She walks into the crowded room and he turns and sees her, and in that same moment, his hands lift his coat from the seat beside him as if he has been holding it for her. Through this single gesture he ensnares her, although there are many gestures, and each one doubles the knot. They don’t look at each other but their bodies lean in, breathing in each other’s heat in that way a body has of hunting for a mate all on its own. But then, the lecturer begins to speak, and as his voice flows into the room, memory rises like a water-mark.
Nothing has changed; the same soft-voiced manners, the same impeccable suit. She had attended his weekly présentation de cas years before when she had been an analyst-in-training learning the talking cure, back then, when words ran away with her like water gushing through a broken spout. Her husband teasing—conjugate yourself into a semblance of respectability—she could see, now, how he had enjoyed the way the joke tripped her up, as she tried to parse herself into that world.
Remembering the girl she had been hurt. Ironing her jeans and tee-shirts each night, as if a sharp crease could help, the other trainees in their linen suits, coiffed, healed, stockinged. She had bought milk-white stockings and matched them with the only thing she had to offer, a single string of pearls, but no token of clothing could fashion away the shame of mismatched verbs. And here he was now, speaking in her language about how the world had been overtaken by a new discourse of rights and with it, a worldwide symptom of shame. It makes her catch her breath¾remembering the shame. Each week, she had entered through the grey portals of the hospital anticipating his laugh following her home. He had been the worst of them, following each departing patient with a quip. She called it the Analyst’s laugh and it had followed her out of those grim doors and lain-in wait for her snickering up out of the books she read:
‘I have been to the butcher’s,’ a woman says to a passer-by.

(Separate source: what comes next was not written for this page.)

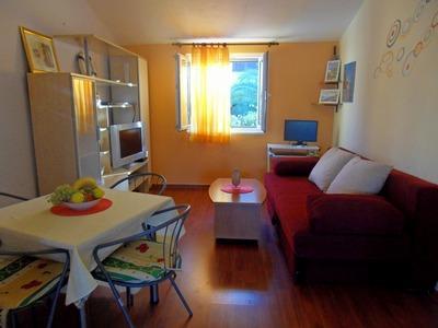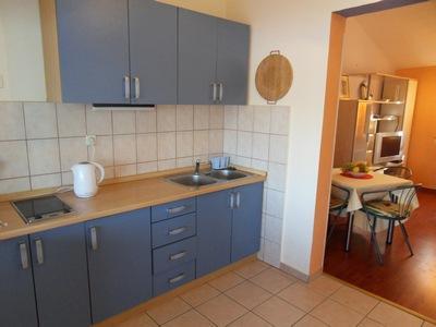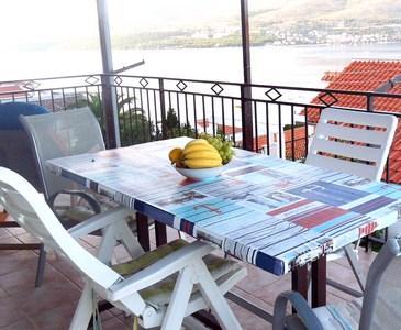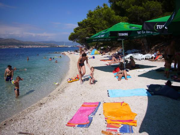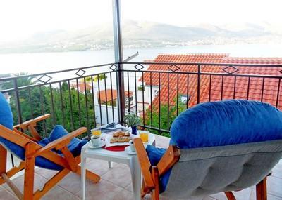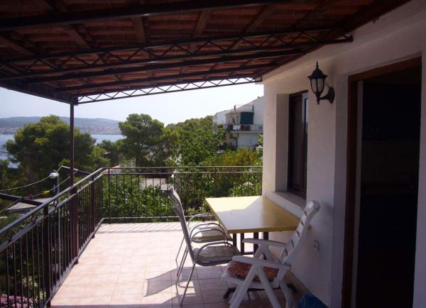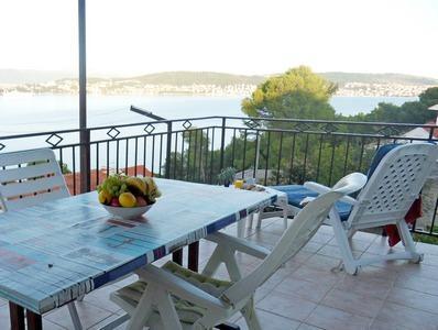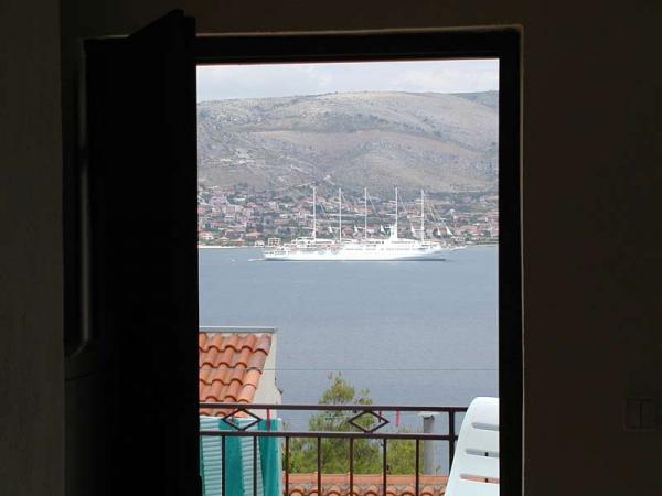 Appartement entièrement équipé à Okrug Donji sur l'île de Ciovo près de la ville de Trogir. L'appartement est situé au premier étage et a une belle vue sur la mer. L'appartement est idéal pour les familles, dispose d'une chambre avec lit double, une petite chambre avec un lit double pour deux personnes, salle de séjour avec lit gigogne, cuisine, salle de bains - avec douche et une grande terrasse semi-couverte avec vue sur la mer. L'appartement est situé en dessous de la route principale (pas besoin de traverser la route pour se rendre à la mer), la mer est à seulement près de 80 mètres de l'appartement. Remarque - accès à la plage en dessous des appartements est assez raide. Grande plage est à seulement 15 minutes à pied de l'appartement.

‘Sow’ he replies … And isn’t this, the analyst adds, ‘a tiny bit amusing.’
All those cases dished up for view so that in other rooms secrets could be told and kept. She remembers him coaxing one woman on, forget the eyes, his voice said — there is no one here but me, and I hear you. Turning away from the crowded room, speaking only to him, blinking into the light of this thing she had done, she delivered up the lesson they were there to observe. Hysteria or psychosis? The difference was in the question¾or lack of it.
Yes. I killed him. But many men of his generation died that year.
Yes. I killed him. But strange accidents befell men wearing roses in their lapels that day.
Yes. I killed him. But a violent fate laid its hand upon all the men of my family.
Over the long distance of years, she watches the girl stumble up, her eyes trafficking out into the crowded room and, as she leaves, he makes his little quip, and the analysts-in-training titter, settle back into their seats, light their cigarettes, and pull their cuffs and pleats back into place.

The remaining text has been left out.